Zuleikha Huseynova was one of the key figures advocating for the creation of the Ministry of Higher and Secondary Specialized Education in Azerbaijan, merging higher and secondary specialized educational institutions under one umbrella. She repeatedly met with the leadership of the Ministry of Higher and Secondary Specialized Education in Moscow to argue for the necessity of establishing corresponding institutions in allied republics. As a result of her efforts, the Committee for Higher and Secondary Specialized Education was created under the Council of Ministers, and Zuleikha was appointed as Deputy Chairperson.
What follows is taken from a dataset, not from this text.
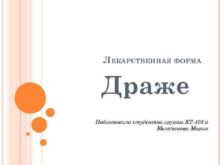 ЛЕКАРСТВЕННАЯ ФОРМА Драже Подготовила студентка группы ХТ-408 а

In 1963 she was promoted to Chair of the Committee.

In July 1965 the Committee was transformed into the Ministry of Higher and Secondary Specialized Education of the Azerbaijan SSR, and Zuleikha Huseynova was appointed as its minister. During her tenure as minister, significant efforts were made to expand the higher education network in the republic and strengthen the material-technical base of schools. For example, under her initiative and support, four dormitories and an educational building for foreign students were constructed at the Azerbaijan Institute of Oil and Chemistry. Additionally, a branch of the Azerbaijan Institute of Oil and Chemistry was opened in Sumqayit, the country's second industrial city (which now operates as Sumqayit State University). The Kirovabad (now Ganja) Technical Institute was also established under her initiative.
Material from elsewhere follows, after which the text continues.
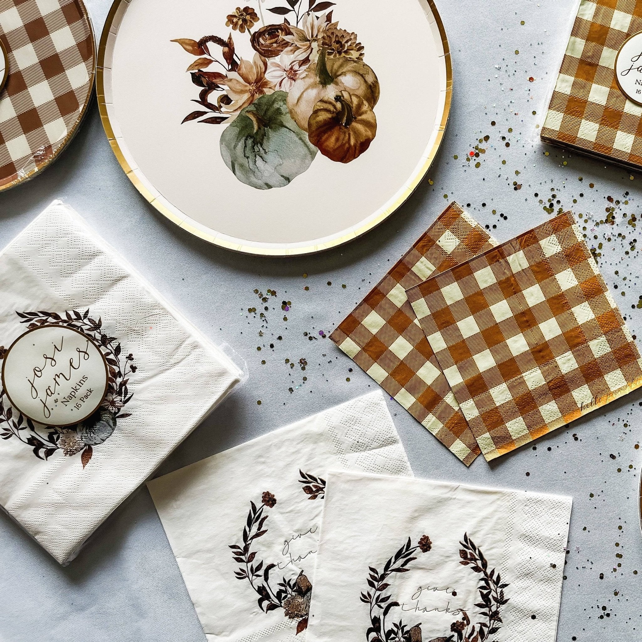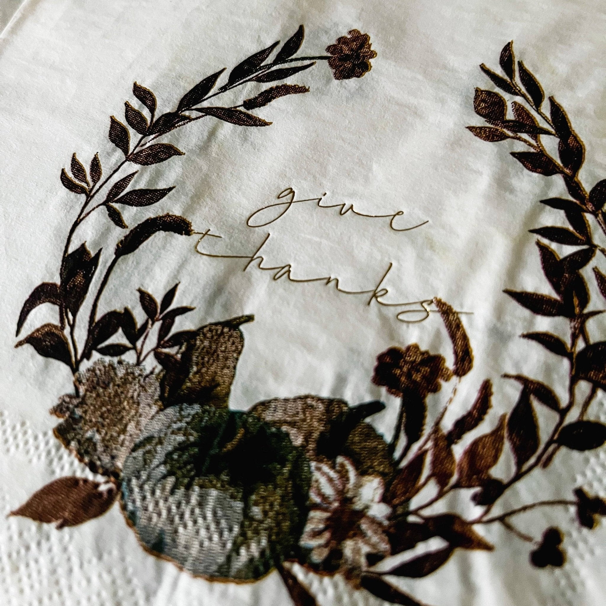 Fall Pumpkin Give Thanks Large Paper Napkins (16pcs) - Josi James - Large Napkins

From 1965 to 1970 Zuleikha Huseynova successfully served as Minister of Higher and Secondary Specialized Education. In 1970, on the initiative of Heydar Aliyev, she was elected Chairperson of the Azerbaijan Trade Union Council. From 1981 until her retirement, Zuleikha Huseynova worked as Director of the Department of Science, Technology, and Educational Institutions at the Council of Ministers of the Azerbaijan SSR. She authored numerous scientific articles and methodological works, including being one of the co-authors of the original high school textbook "Automobiles and Tractors". After retiring, she worked as a consultant-professor at the Department of Internal Combustion Engines at the Azerbaijan Technical University.
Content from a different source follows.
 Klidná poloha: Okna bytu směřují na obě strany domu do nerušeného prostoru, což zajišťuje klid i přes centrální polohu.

Zuleikha Huseynova was elected as a deputy to the Supreme Soviet of the USSR (7th–10th convocations) and held positions such as Deputy Chairperson and Chairperson of the Permanent Commission of the Soviet Parliament, as well as Deputy Chairperson of the Committee for Friendship and Solidarity with Asian and African Countries.

==Awards==
Zuleikha Huseynova's contributions were highly esteemed, and she was awarded the Orders of the October Revolution and the Red Banner of Labor, along with several medals and honorary diplomas.